[Excerpted data]
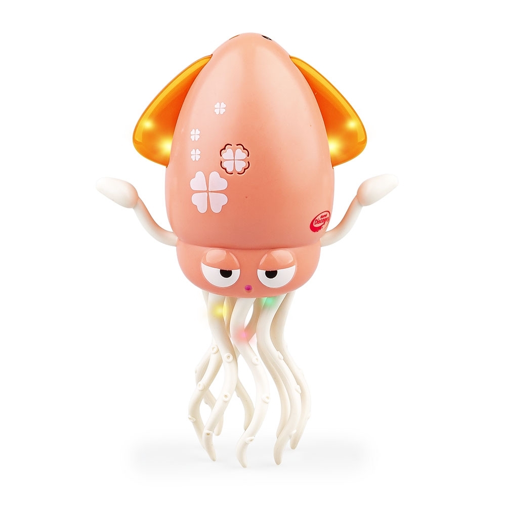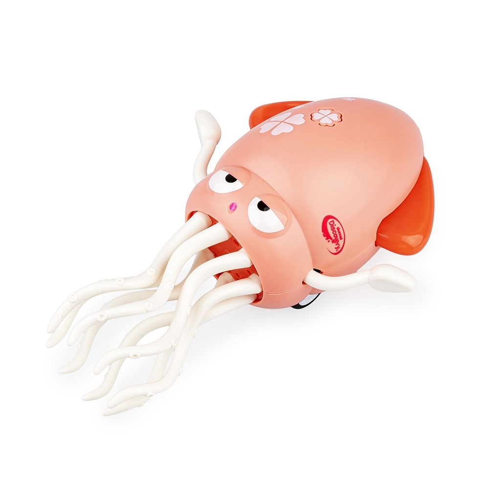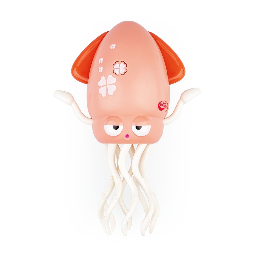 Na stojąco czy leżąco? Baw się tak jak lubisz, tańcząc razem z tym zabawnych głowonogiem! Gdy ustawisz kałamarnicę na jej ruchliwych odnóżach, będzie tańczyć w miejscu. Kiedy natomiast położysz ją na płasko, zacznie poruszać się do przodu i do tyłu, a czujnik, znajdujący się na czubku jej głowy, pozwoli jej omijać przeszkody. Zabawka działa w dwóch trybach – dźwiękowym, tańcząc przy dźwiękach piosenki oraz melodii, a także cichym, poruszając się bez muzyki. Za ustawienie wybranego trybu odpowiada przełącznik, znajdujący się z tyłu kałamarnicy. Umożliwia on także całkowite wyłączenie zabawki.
---
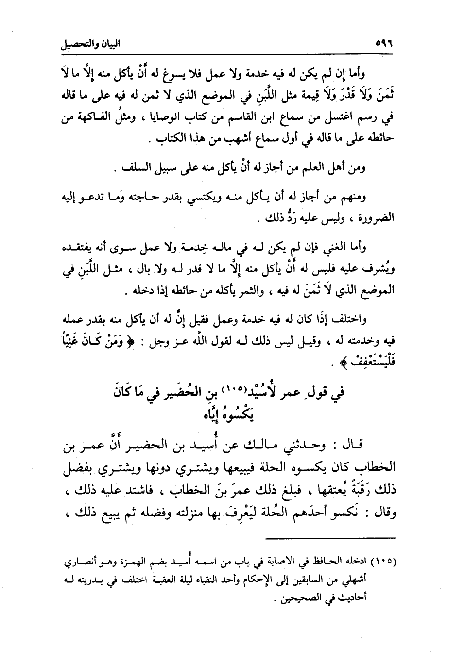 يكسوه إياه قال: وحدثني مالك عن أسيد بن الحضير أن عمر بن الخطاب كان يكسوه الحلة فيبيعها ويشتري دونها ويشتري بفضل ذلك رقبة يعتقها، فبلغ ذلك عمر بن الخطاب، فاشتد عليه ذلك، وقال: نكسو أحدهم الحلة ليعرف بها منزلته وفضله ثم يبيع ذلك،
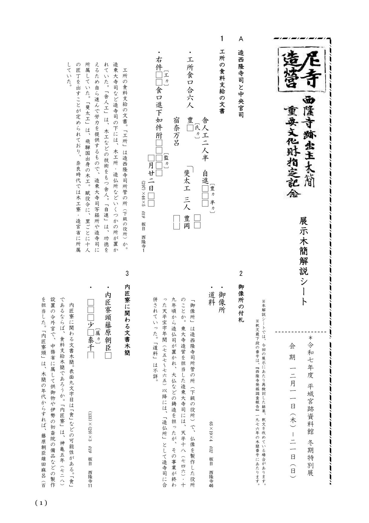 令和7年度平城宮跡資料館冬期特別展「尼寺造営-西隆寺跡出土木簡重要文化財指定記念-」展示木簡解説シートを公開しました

[About this task]
Using the data above, which lines fall from the one with "يكسوه إياه قال: وحدثني" through the one with "令和7年度平城宮跡資料館冬期"? Repeat them exactly, ends included, minus any pictures.

[Result below]
 يكسوه إياه قال: وحدثني مالك عن أسيد بن الحضير أن عمر بن الخطاب كان يكسوه الحلة فيبيعها ويشتري دونها ويشتري بفضل ذلك رقبة يعتقها، فبلغ ذلك عمر بن الخطاب، فاشتد عليه ذلك، وقال: نكسو أحدهم الحلة ليعرف بها منزلته وفضله ثم يبيع ذلك،
 令和7年度平城宮跡資料館冬期特別展「尼寺造営-西隆寺跡出土木簡重要文化財指定記念-」展示木簡解説シートを公開しました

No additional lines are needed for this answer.